These are lists of the major tenants of the former World Trade Center in New York City at the time of the attacks in 2001.

 1 World Trade Center (North Tower) included the Port Authority of New York and New Jersey, Marsh & McLennan Companies, Bank of America, Cantor Fitzgerald, Dai-Ichi Kangyo Group, Sidley Austin Brown & Wood, and restaurant Windows on the World. 
 2 World Trade Center (South Tower) included Verizon, the New York Stock Exchange, Morgan Stanley, Xerox Corporation, Keefe, Bruyette & Woods, Aon Corporation, and Fiduciary Trust Company International.
 3 World Trade Center (also known as the Marriott World Trade Center) was a hotel, therefore the whole building had one owner, Host Marriott Corporation.
 4 World Trade Center included New York Board of Trade, Deutsche Bank, and the Mall at the World Trade Center.

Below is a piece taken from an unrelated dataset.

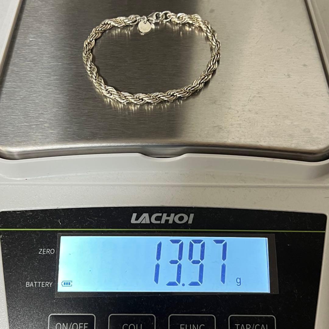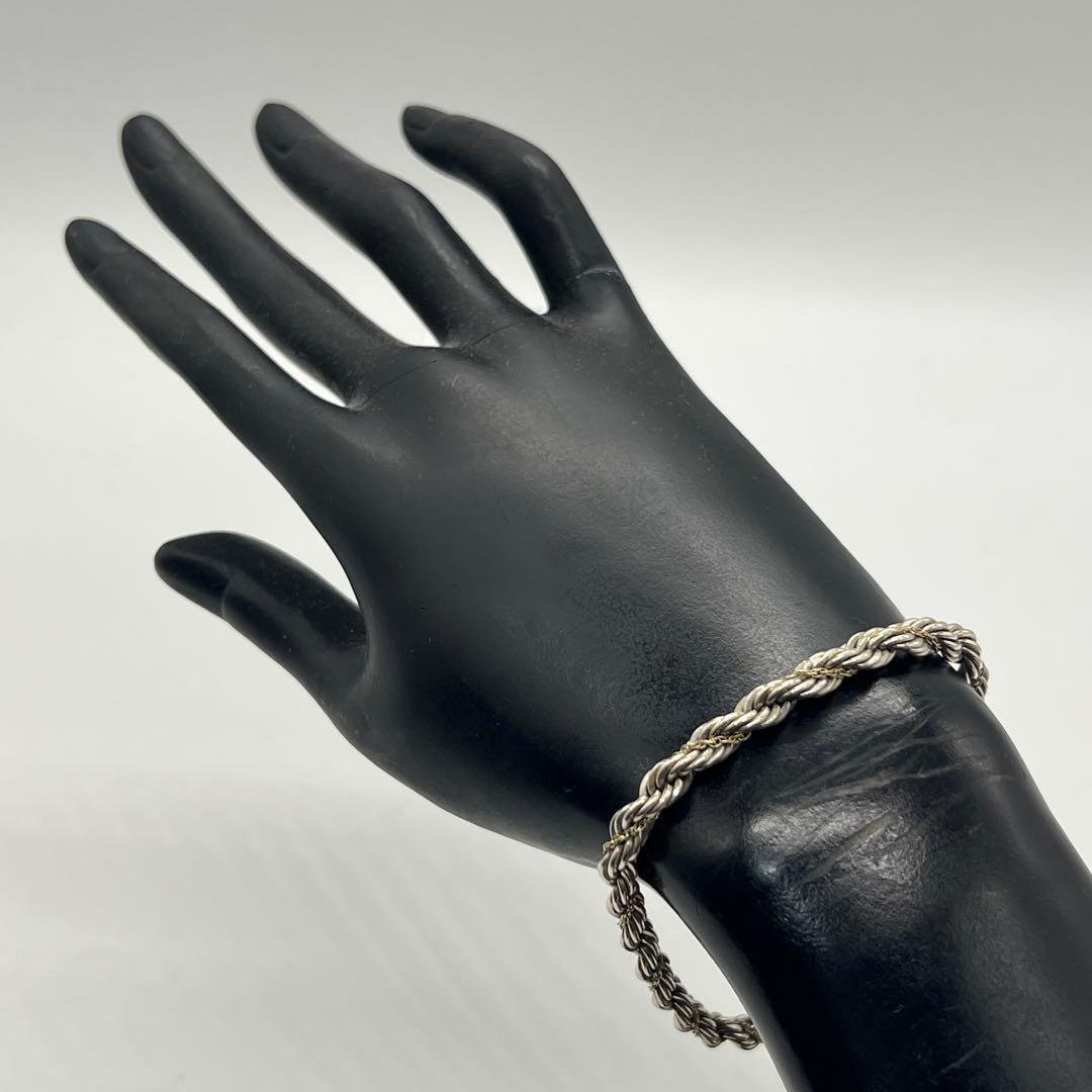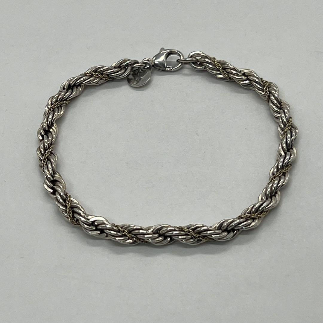 ヴィンテージティファニーで人気のツイストロープチェーンブレスレットはシルバー素材のロープのデザインにゴールド素材のチェーンが巻かれている事でティファニーらしい上品な印象でございます。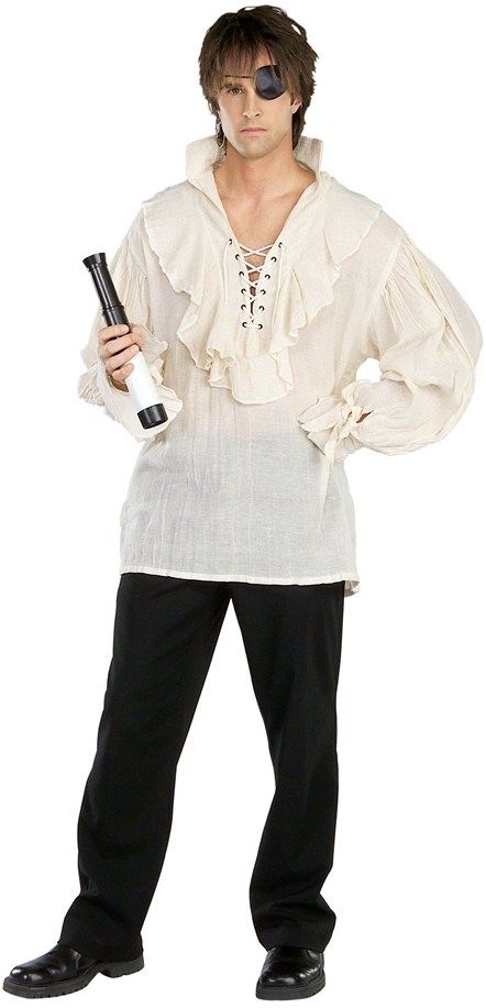 Рубаха пирата хлопковая, дополните образ пиратской повязкой на глаз, шляпой пирата и мечом.

 5 World Trade Center included Credit Suisse First Boston and Morgan Stanley.
 6 World Trade Center included the United States Department of Commerce, Bureau of Alcohol, Tobacco, Firearms and Explosives, and the United States Department of Labor.
 7 World Trade Center included Salomon Smith Barney, the U.S. Securities and Exchange Commission, Standard Chartered Bank, and the U.S. Secret Service.